A randomised Phase II trial to evaluate the toxicity of high-dose rifampicin to treat pulmonary tuberculosis.

Jindani A Borgulya G de Patiño IW Gonzales T de Fernandes RA Shrestha B Atwine D Bonnet M Burgos M Dubash F Patel N Checkley AM Harrison TS Mitchison D
The international journal of tuberculosis and lung disease : the official journal of the International Union against Tuberculosis and Lung Disease 2016 06 ; 20(6); 832-8. doi: 10.5588/ijtld.15.0577. Epub 2018 02 14

Abstract

SETTING: Randomised Phase IIB clinical trial.

OBJECTIVES: To assess whether increasing the dose of rifampicin (RMP) from 10 mg/kg to 15 or 20 mg/kg results in an increase in grade 3 or 4 hepatic adverse events and/or serious adverse events (SAE).

METHODS: Three hundred human immunodeficiency virus negative patients with newly diagnosed microscopy-positive pulmonary tuberculosis (TB) were randomly assigned to one of three regimens: 1) the control regimen (R10), comprising daily ethambutol (EMB), isoniazid (INH), RMP and pyrazinamide for 8 weeks, followed by INH and RMP daily for 18 weeks; 2) Study Regimen 1 (R15), as above, with the RMP dose increased to 15 mg/kg body weight daily for the first 16 weeks; and 3) Study Regimen 2 (R20), as above, with RMP increased to 20 mg/kg. Serum alanine transferase (ALT) levels were measured at regular intervals.

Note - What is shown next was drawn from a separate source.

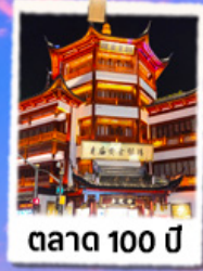
ตาด 100 ปี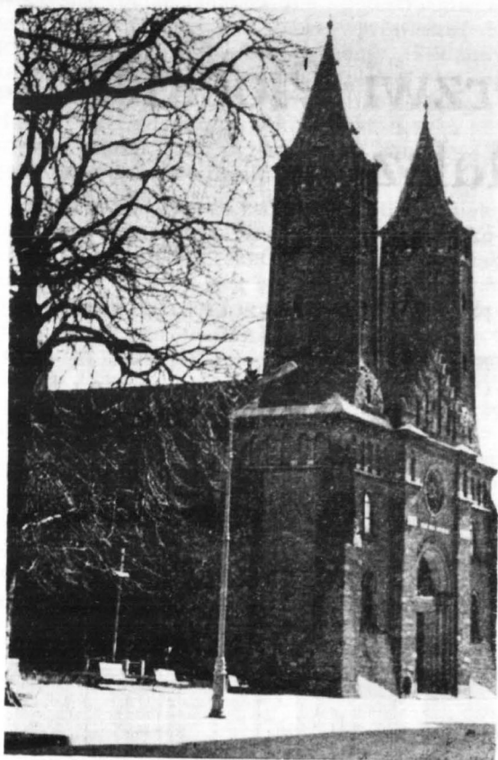
Płocka bazylika katedralna, konsekrowana w 1144 r. (widok obecny). Tu ponad 200 lat znajdowały się romańskie drzwi brązowe, które od ponad 500 lat znajdują się w katedrze św. Zofii (Sofijski sobór) w Nowogrodzie Wielkim.

muje, że tut. Ministerstwo Kultury wyraziło zgodę na sporządzenie kopii „Drzwi Płockich”, których oryginał znajduje się w Nowogrodzie Wielkim, a kopia w gipsie w Muzeum Historycznym na Placu Czerwonym w Moskwie. Strona radziecka podkreśliła, że koszty sporządzenia kopii poniesie strona polska.

RESULTS: There were seven grade 3 increases in ALT levels, 1/100 (1%) among R10 arm patients, 2/100 (2%) in the R15 arm and 4/100 (4%) in the R20 arm (trend test P = 0.15). One (R15) patient developed jaundice, requiring treatment modification. There were no grade 4 ALT increases. There was a non-significant increase in culture negativity at 8 weeks with increasing RMP dosage: 75% (69/92) in R10, 82.5% (66/80) in R15 and 83.1% (76/91) R20 patients (P = 0.16).

CONCLUSIONS: No significant increase in adverse events occurred when the RMP dose was increased from 10 mg/kg to 15 mg/kg or 20 mg/kg.